Since the PCM cycles between solid and liquid phases, encapsulation or containment of the PCM is necessary. Inorganic PCMs are particularly difficult to contain since they have variable water content and are hydrophilic [27]. Organic PCMs, such as paraffins, are usually compatible with metal containers; nonetheless, they contain hydrocarbons, which makes sealing them with certain plastics difficult as the PCM can leak through the material structure. However, specific polymers such as HDPE, low-density polyethylene (LDPE), polypropylene (PP), polyethylene (PE), and others have supporting matrices that can be used to trap and shape stabilize the PCM [30,31]. The polymer used needs a higher melting point because, when shape stabilized and heated, the PCM remains contained within the polymer matrix. HDPE, in particular, has been found to be compatible with many different types of organic PCMs. In 1997, Inaba and Tu [32] were the first to shape stabilize PCM (pentacosane C25H52) in HDPE. PCM can be shape stabilized using the common methods of high-temperature mixing, polymer extrusion, or casting [33,34].

The miscibility, thermal properties, and leakage issues of PCM combined with different polymers, such as HDPE, LDPE, and linear low-density polyethylene (LLDPE), were explored by Chen and Wolcott [35,36]. The combination of 70% PCM with 30% HDPE showed the least amount of leakage when compared to the alternative polymers. Blends with different polyethylenes [3742] and different paraffin waxes [4349] have had extensive investigations of their thermal and structural properties. Additionally, additives in HDPE and PCM composites have been researched as well [5062]. HDPE is used in the present study since it is compatible with many types of organic PCMs, based on prior literature illustrated above.

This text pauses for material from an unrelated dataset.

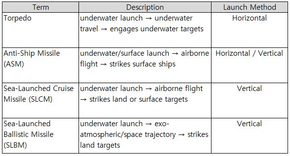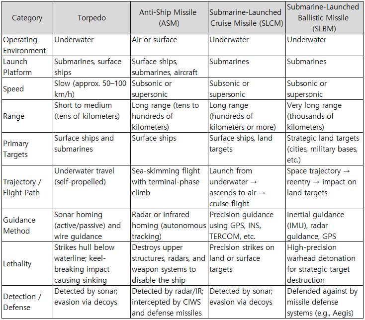 2.3.1. Launch WeaponsLaunch weapons are categorized as follows: - Torpedoes: Underwater weapons fired from a submarine’s horizontal launch tubes, used to attack underwater targets such as other submarines, surface ships, and mines. - Missiles: This includes anti-ship missiles (ASM) and sea-launched cruise missiles (SLCM) designed to strike surface or land targets. Some missiles are launched through Vertical Launch Systems (VLS). - Nuclear Weapons: The primary example is the SLBM (Sea-Launched Ballistic Missile), equipped with a nuclear warhead. These form the core of a nation’s strategic nuclear deterrence capability.

The influence of PCM content in HDPE, LDPE, and LLDPE on the thermal and tensile properties was studied by Molefi et al. [40], who used a melt-press process and determined that as PCM increased, the tensile strength and thermal stability decreased. Chalkia et al. [63], using casting to manufacture their shape-stabilized composites, explored the mechanical properties of organic PCMs combined with HDPE and PP under high temperatures over a 40-day period and found that the introduction of PCM decreased the mechanical properties significantly. The mechanical strength of the HDPE was decreased immediately after the incorporation of PCM but was remarkably restored after 28 days due to achieved uniformity from the molecular dispersion of PCM. A plasticization effect was observed by Mu et al. [49] after they developed a shape-stabilized paraffin and HDPE blend for PCMs, using a twin-screw extrusion and compression-molding process, with high and low melting points. Different modes of deformation (tension, flexural, compression) decreased as they increased PCM. Similarly, Krupa et al. [64] observed plasticization that led to a decrease in thermal and mechanical properties when microencapsulated paraffin wax was blended with HDPE and hot-pressed. These studies are supportive of the current research and the present paper expands on additional tests to see the impacts on hardness, effective latent heat of fusion, and thermal conductivity.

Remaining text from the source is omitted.